Ces manifestations sont pour la plupart organisés par des associations de professionnels très hétérogènes – les syndicats étant contrôlés par le gouvernement. Les hôpitaux et les travailleurs médicaux ont été les premiers à rejoindre le mouvement de grève, conséquence de l’attaque des forces du gouvernement contre des hôpitaux où des manifestants se sont réfugiés suite aux confrontations avec les forces d’ordre. S’ajoute à cela le fait que le gouvernement réprime les manifestations de façon brutale, se servant de la police, de l’armée et des milices qui ont fait usage de balles réelles causant ainsi la mort de 22 personnes depuis le début de manifestations selon le gouvernement, tandis que d’autres organisations (Human Rights Watch) font état d’au moins le double. Les arrestations quant à elles dépassent les 800 personnes.
Le 8 janvier, la Troïka, formée par les États-Unis, le Royaume-Uni et la Norvège, auxquels s’ajoute le Canada, a publié un communiqué condamnant les morts et la répression exercée par Khartoum contre des manifestations pacifiques, ajoutant que « les actions et décisions du gouvernement du Soudan dans les prochaines semaines auront un impact dans l’engagement de nos gouvernements et d’autres dans les mois et années à venir » (4). Cette déclaration pourrait peser sur Khartoum qui vient d’être effacé de la liste noire des pays qui soutiendraient des organisations terroristes dans la région. En outre, le Soudan a aussi bénéficié d’une renégociation de sa dette avec le Royaume-Uni en vertu de la coopération entre Khartoum et la Troïka sur la sécurité de la région.
Et pourtant, le président el-Béchir semble être décidé à ne rien lâcher. Des manifestations en son soutien ont également été organisées, au cours desquelles il a réaffirmé qu’il ne quitterait pas le pouvoir autrement que par des élections. De plus, Omar el-Béchir est le premier chef d’Etat en exercice condamné par la Cour pénale internationale (CPI) pour des crimes de guerre, et il pourrait être remis à la CPI s’il quitte la présidence du pays.

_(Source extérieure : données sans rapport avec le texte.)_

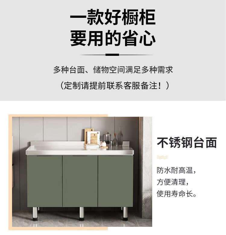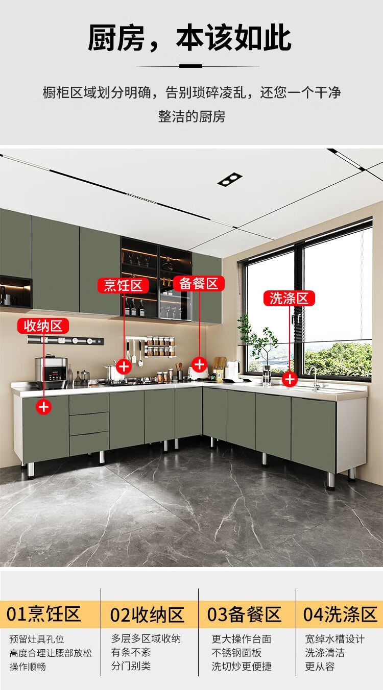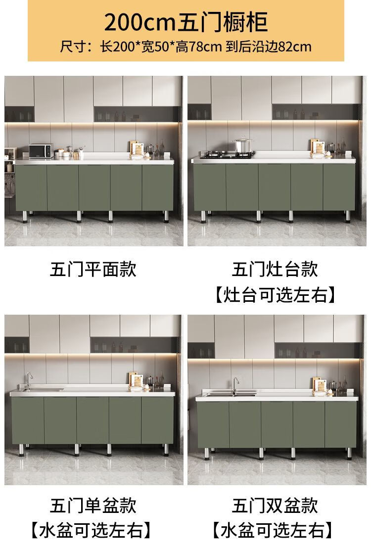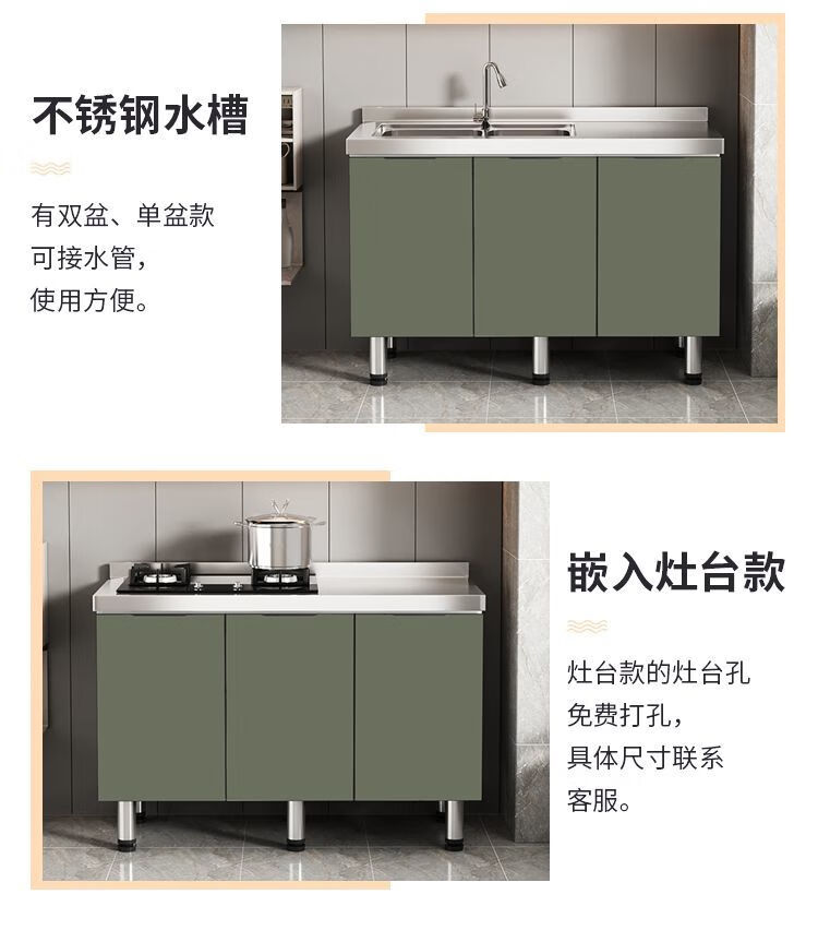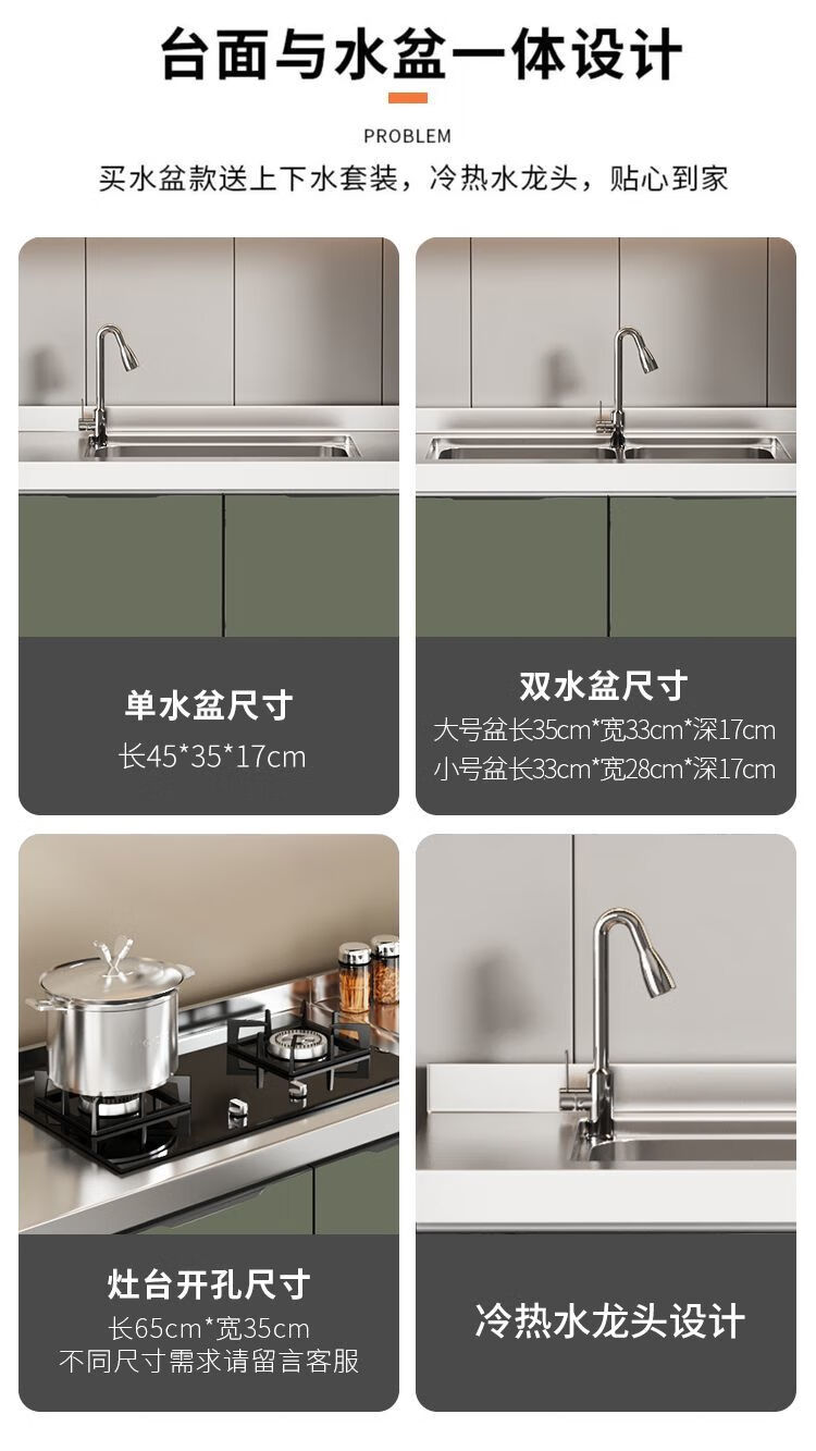 JPHZNB kitchen cabinet stove cabinet integrated kitchen cabinet cupboard household simple assembly rental stainless steel kitchen cabinet PET-single basin solid wood cabinet-170 cm

Le 11 janvier, les principaux groupes d’opposition ont annoncé le lancement de la semaine de l’intifada (“soulèvement” en arabe) dans tout le pays, invitant la population à manifester le dimanche 13 et le jeudi 17 dans toutes les villes et villages du pays (5).
Perspectives :
- L’Intifada soudanaise pourrait devenir le plus grand défi pour Omar el-Béchir depuis son arrivé au pouvoir, il y a 29 ans. Néanmoins, après presque trois décennies à la présidence, plusieurs crises et guerres, el-Béchir ne fera l’économie d’aucune mesure susceptible de lui permettre de conserver son poste.
- Face à la pression internationale, el-Béchir pourrait céder et essayer de négocier un accord de transition, notamment si la situation échappe à son contrôle. Néanmoins, quels que soient les termes d’un compromis, il sortira fragilisé de ce conflit et aura bien du mal à maintenir son emprise si l’économie du pays tarde à redémarrer.
- Avec un gouvernement fragilisé, voire un changement de gouvernement, le risque de voir le Soudan sombrer dans le chaos représenterait un danger très élevé pour tous les acteurs régionaux et internationaux. Une crise au Soudan serait un défi sécuritaire majeur dans toute la région, notamment en vue du retrait déjà en cours de l’Opération hybride de l’Union africaine et des Nations Unies au Darfour (MINUAD).
Sources :
- Crise économique au Soudan : Omar el-Béchir limoge tout le gouvernement, Jeune Afrique avec AFP, 10 septembre 2018.
- Soudan : plus de 800 arrestations depuis le début de la crise, Jeune Afrique avec AFP, 7 janvier 2019.
- Soudan : Omar el-Béchir candidat à un troisième mandat en 2020, RFI, 10 septembre 2018.
- Troika say human rights violation during Sudan protests may affect engagement with Khartoum, Sudan Tribune, 9 janvier 2018.
- Sudanese opposition calls for new protests next Sunday and Thursday, Sudan Tribune, 11 janvier 2018.